He thanked the faculty for their hard work on behalf of the University.

2.     Approval of Minutes

Trustee Pantín made a motion to approve the minutes of the September 15, 2006 meeting. The motion was seconded by Trustee McGee and passed unanimously.

3.     Comments, Faculty Senate

Dr. Eric Walker provided remarks on behalf of the Faculty Senate. He indicated that the Faculty Senate Steering Committee was happy to meet with Dr. Hasselmo during his campus visit and they expressed a variety of faculty viewpoints concerning the AAU and Pathway initiatives. Dr. Walker said that Dr. Hasselmo provided a very frank and honest assessment. The University’s origins and history are very different from the typical AAU member and in order to fit the AAU model the size of the S.T.E.M. (Science, Technology, Engineering and Medicine) disciplines would have to be increased relative to other areas on campus. Dr. Walker said that this prospect is not uncontroversial. He indicated that, rather than dwelling on areas of potential disagreement, the Faculty Senate Steering Committee would like to spotlight another important sentence in Dr. Hasselmo’s report as follows:

Throughout my visit, I sensed a commitment to what one of the persons with whom I spoke termed “a culture of achievement.” It is my impression that this “culture of achievement” characterizes both the university as a whole and its central leadership and its colleges, departments, and various interdisciplinary programs and their administrative and faculty leadership.
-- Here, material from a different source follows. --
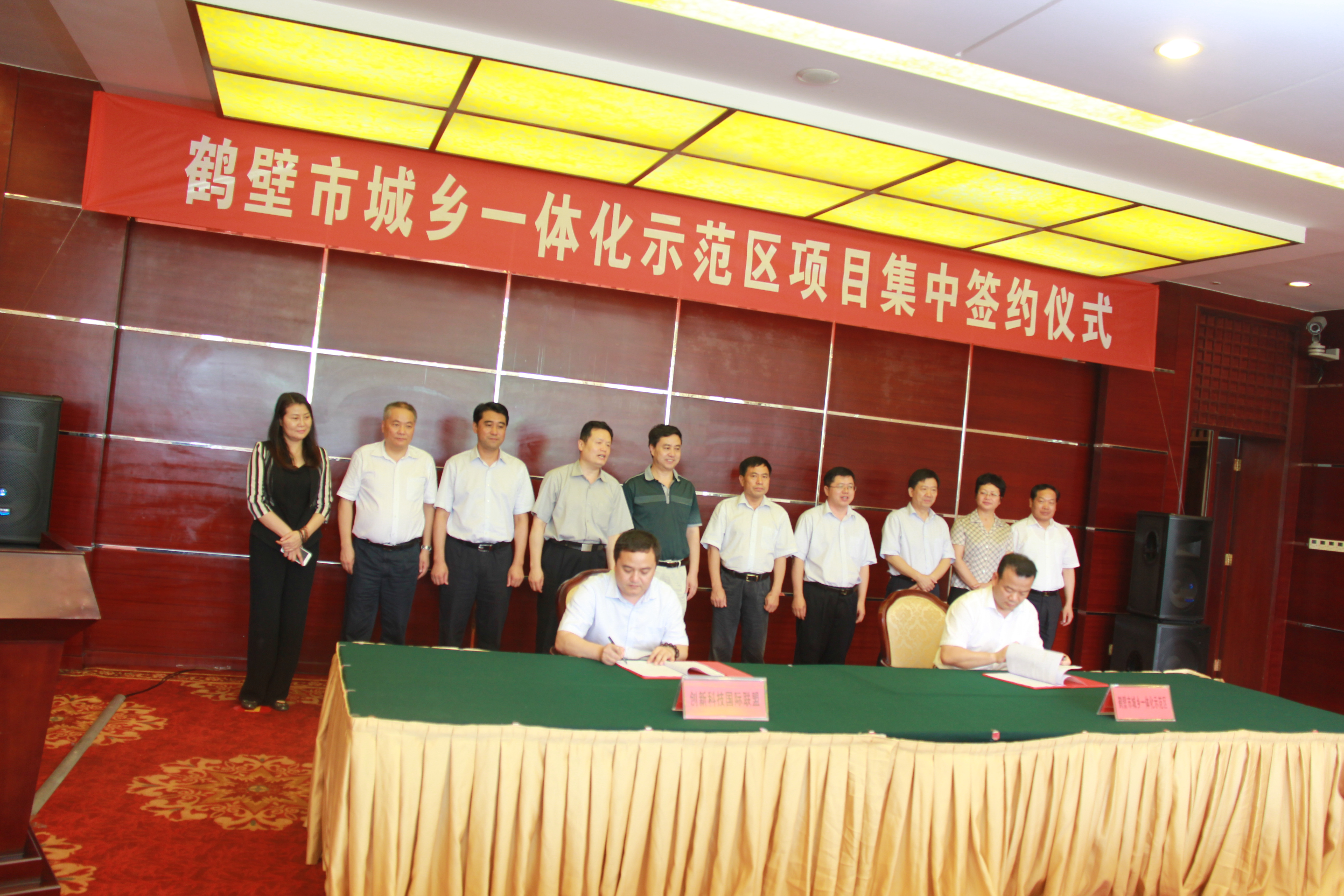 7月28日,市城乡一体化示范区总投资74亿元的国际(鹤壁)科技创新园、国际(鹤壁)科技创业园、国家863鹤壁科技创新园、红星美凯龙城市综合体4个项目集中签约仪式在鹤壁迎宾馆举行。省科技厅厅长贾跃,市委书记范修芳,市委副书记、代市长唐远游,市委副书记费银普,省科技厅副巡视员刘保民,市委常委、市委秘书长李成宽,副市长高雅玲、朱言志等出席仪式。

Dr. Walker said that the Faculty Senate believes that this “culture of achievement” is the joint product of all our labors together. Of the many achievements, he emphasized two that are considered marks of special strength. First, Florida State University is well known for offering a remarkably nurturing environment for the spectacular diversity of talents assembled on campus, such as magnet scientists, novelists, trapeze artists, percussionists, three point shooters, and Rhodes scholars. A second special mark of the strength of the faculty is the “culture of achievement” prominent every year in the promotion and tenure materials which relate outstanding accomplishments in research, teaching and service. He thanked the Board and said that the Faculty Senate looks forward to continued cooperation and sustaining that culture of achievement, which is the hallmark of the University.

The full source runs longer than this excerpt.